▶ **EXERCISE GOAL**: The full listing is to be transcribed exactly, with each picture left out.

##############################

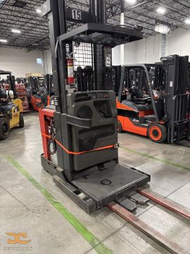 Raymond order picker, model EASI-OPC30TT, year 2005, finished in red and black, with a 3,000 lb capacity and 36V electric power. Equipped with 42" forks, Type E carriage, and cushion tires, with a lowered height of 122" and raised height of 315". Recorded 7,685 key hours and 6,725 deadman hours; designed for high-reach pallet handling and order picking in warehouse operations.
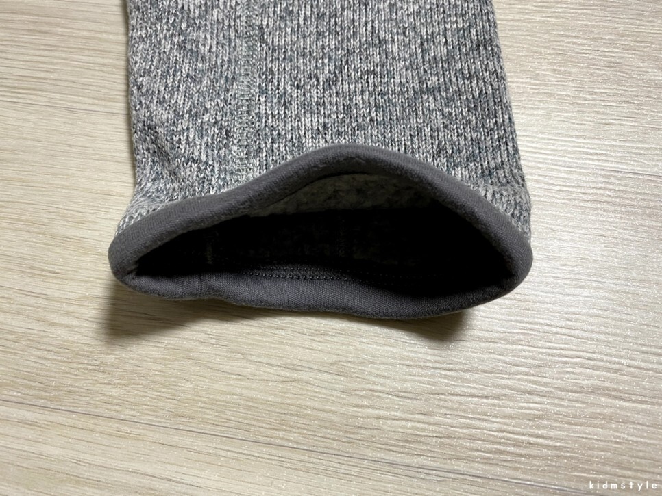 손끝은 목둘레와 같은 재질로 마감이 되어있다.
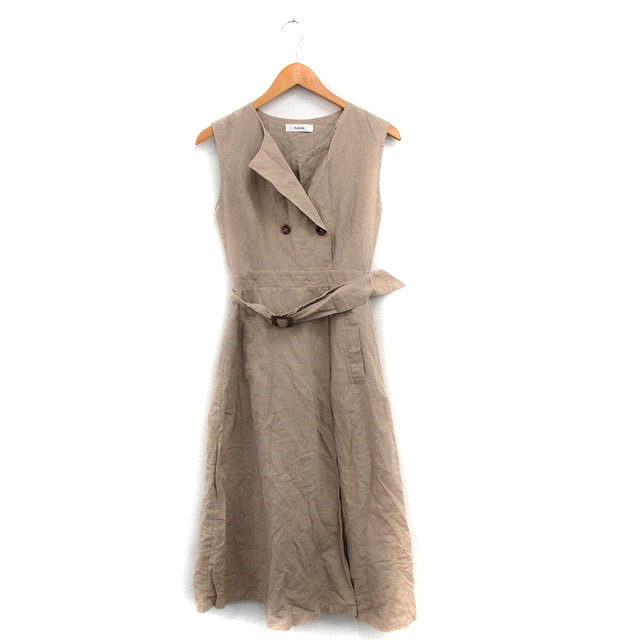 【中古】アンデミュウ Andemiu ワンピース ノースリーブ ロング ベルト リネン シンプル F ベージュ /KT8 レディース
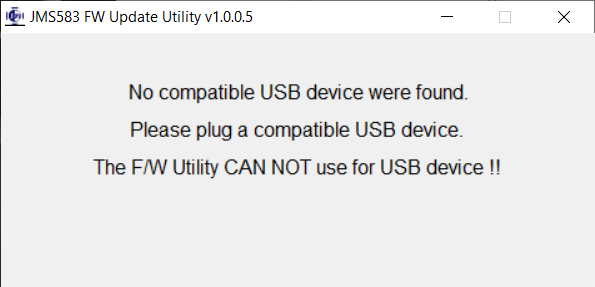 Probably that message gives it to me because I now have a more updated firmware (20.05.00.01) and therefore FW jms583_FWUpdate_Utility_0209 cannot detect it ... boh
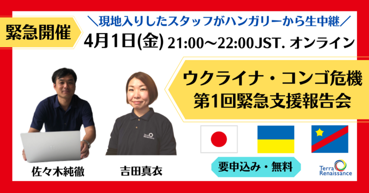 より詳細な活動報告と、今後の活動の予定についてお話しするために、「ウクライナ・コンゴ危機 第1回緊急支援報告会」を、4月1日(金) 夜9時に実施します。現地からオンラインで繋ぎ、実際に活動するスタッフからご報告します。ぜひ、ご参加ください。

##############################

▶ **TASK SOLUTION**:
 Raymond order picker, model EASI-OPC30TT, year 2005, finished in red and black, with a 3,000 lb capacity and 36V electric power. Equipped with 42" forks, Type E carriage, and cushion tires, with a lowered height of 122" and raised height of 315". Recorded 7,685 key hours and 6,725 deadman hours; designed for high-reach pallet handling and order picking in warehouse operations.
 손끝은 목둘레와 같은 재질로 마감이 되어있다.
 【中古】アンデミュウ Andemiu ワンピース ノースリーブ ロング ベルト リネン シンプル F ベージュ /KT8 レディース
 Probably that message gives it to me because I now have a more updated firmware (20.05.00.01) and therefore FW jms583_FWUpdate_Utility_0209 cannot detect it ... boh
 より詳細な活動報告と、今後の活動の予定についてお話しするために、「ウクライナ・コンゴ危機 第1回緊急支援報告会」を、4月1日(金) 夜9時に実施します。現地からオンラインで繋ぎ、実際に活動するスタッフからご報告します。ぜひ、ご参加ください。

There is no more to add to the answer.